Until recently, energy management was relatively straightforward. A traditional (rule-based) Energy Management System (EMS) operates based on simple, human-programmed 'if-then' rules. For example: “If the electricity price is high, then discharge the battery” or “If the solar panels are generating, then turn on the charging stations.” This is transparent and works excellently for simple processes. 

However, we're seeing that the reality behind the meter is now much more complex. What should the software do if the sun is shining and the electricity price is negative, but heavy machinery unexpectedly starts up and the vehicle fleet needs to be fully charged in an hour?

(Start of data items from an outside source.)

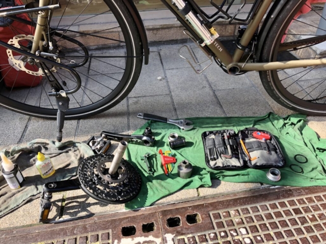 Draussen auf der Strasse zerlegte ich alle Teile des Trettlagers, reinigte alles, fette und baute es wieder zusammen.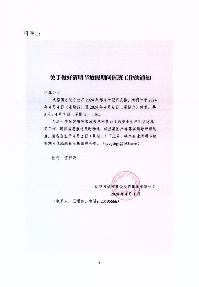關(guān)于做好2024年清明節(jié)放假期間值班工作的通知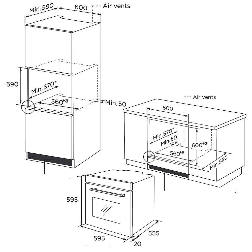 • Размери (Ш × В × Д): 595 × 595 × 550 mm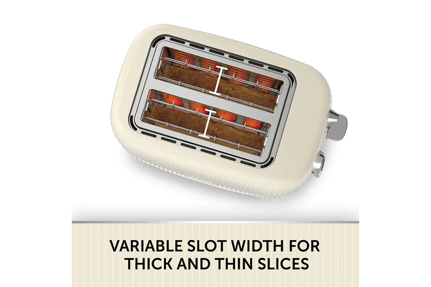- Variable width bread slots allow for both thick and thin slices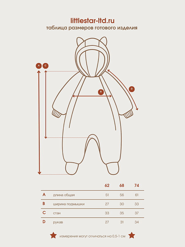 Доступные размеры: от 56 до 74 (от 0 до 9 месяцев)
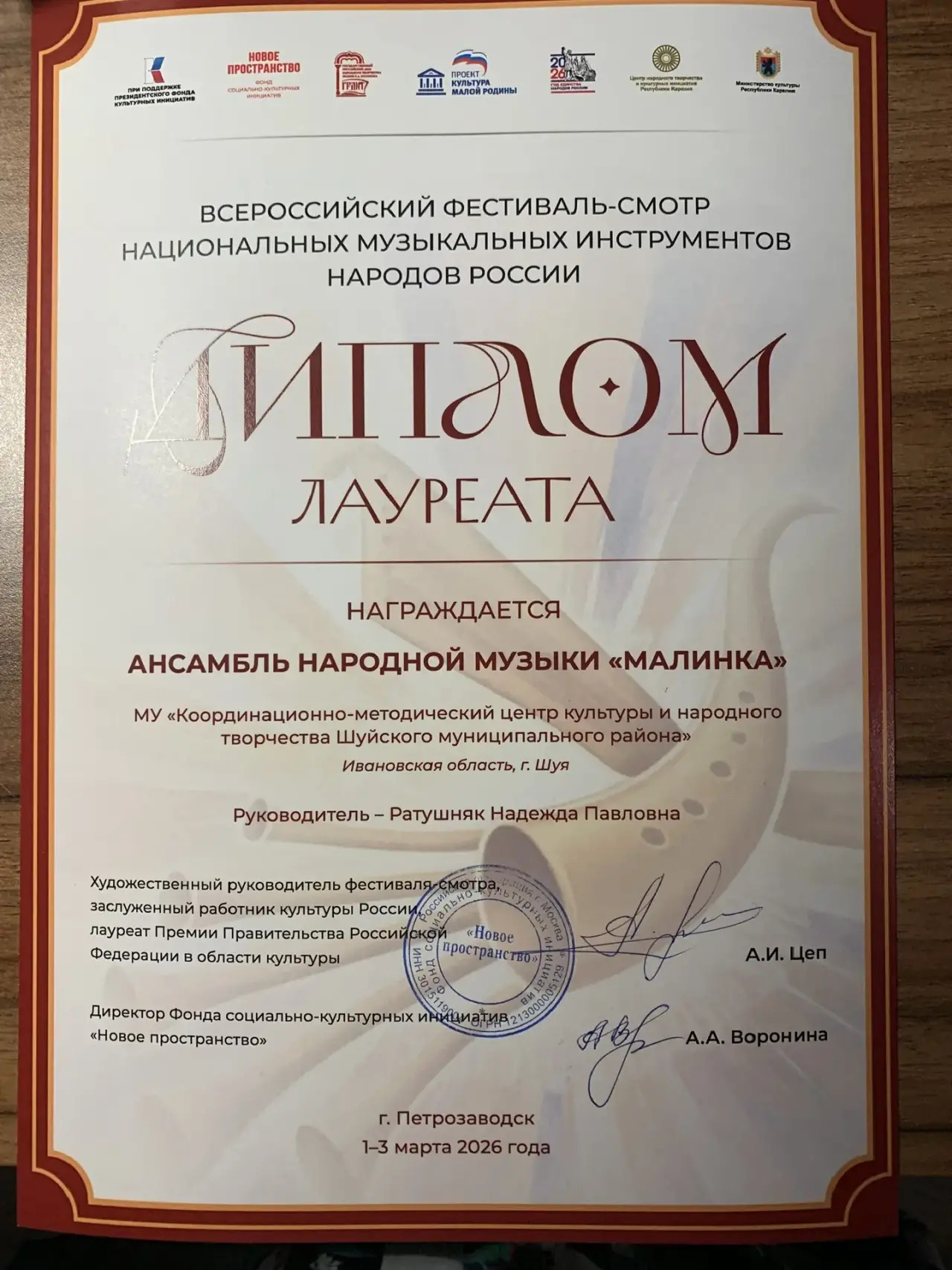 Ансамбль народной музыки «Малинка» из Шуйского муниципального района по итогам заочного этапа конкурса стал Лауреатом фестиваля смотра национальных музыкальных инструментов народов России и ярко представил свое творчество на гала концерте Фестиваля в городе Петрозаводск. Областной координационно-методический центр культуры и творчества поздравляет ансамбль «Малинка» с заслуженной наградой! Отдельное спасибо каждому участнику коллектива — за смелость, талант и искреннюю преданность народной культуре.

For every conceivable exception or weather change, a programmer must manually add a new rule. In practice, we see that the software encounters three fundamental limitations here:

• Safety margins reduce returns: The real world is unpredictable. Because it's impossible to write a perfect rule for every unique combination of circumstances (prices, weather, local consumption), this forces designers to work with broad safety margins. For example, the system always keeps a large portion of the battery charged as a precaution. This is good for operational reliability, but often completely unnecessary, meaning the battery misses out on potential revenue. 
• No adaptive learning capability: The software only does what a human has pre-programmed. It doesn't independently discover new correlations between weather forecasts, consumption peaks, and market movements. And that's a problem, because the market is changing rapidly and could look completely different tomorrow due to decisions by, for example, TenneT or the government. 
• Unmanageable operational maintenance burden: Every business location is unique in terms of grid connection, battery capacity, and consumption profile. A rule-based system requires manual calibration of rules for each new installation. What works at location A is not transferable to location B. This makes scaling inefficient and expensive.

These limitations led us to an important insight: to achieve ultimate scalability – and guarantee the best performance for our customers – we need to look beyond traditional predictions and optimizations. This led us to (Deep) Reinforcement Learning. Many people immediately label this 'AI', but we are still cautious about that. 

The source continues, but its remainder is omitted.